The festivals we go to now feel a far cry from those old ones, but music fans have ever since looked back on them with rose-tinted glasses on, yearning to have been born a few decades earlier to be able to take part in a historical moment or be part of a historical crowd.

But for ticket holders to one particular festival, which is still held annually each summer, that can still come true. As one of the only festivals that has endured from those days through to today, it’s now the longest-running music festival out there, and each year, those in the audience are taking part in its long and still-evolving history.

What is the longest-running music festival?

The answer is Pinkpop, a festival held in Landgraaf, in the Netherlands, each year on Pentecost weekend. That means that the date changes year on year as it takes place on the weekend that comes 50 days after Easter. So, each year, it’ll be sometime between May and June, but it has happened every year since the 1970s.

The festival first began in 1970, one year before Glastonbury, which wouldn’t qualify either way as it isn’t held every year. By now, more than 2million people have attended the festival, which has evolved and grown each time around.

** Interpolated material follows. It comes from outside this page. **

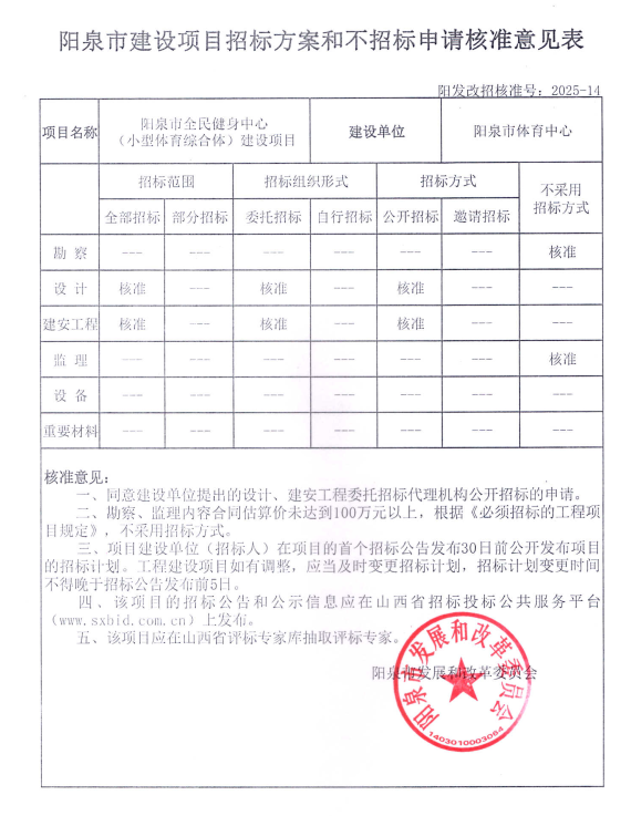 阳泉市全民健身中心(小型体育综合体)建设项目招标方案和不招标申请核准意见表

In the 55 years it has been running, artists like Fleetwood Mac, Happy Mondays, The Stooges, Bruce Springsteen, Lou Reed, Oasis, Paul McCartney, The Jam, The Rolling Stones, and hundreds more have graced their stage. Enduring through eras of music, from the rock and roll of the 1970s through the various sounds and chapters in music history, they’ve witnessed new legends emerge and rise on their stages.

Still running today, it’s a triumph and a true beacon of the enduring power of live music and people’s hunger for summer fun.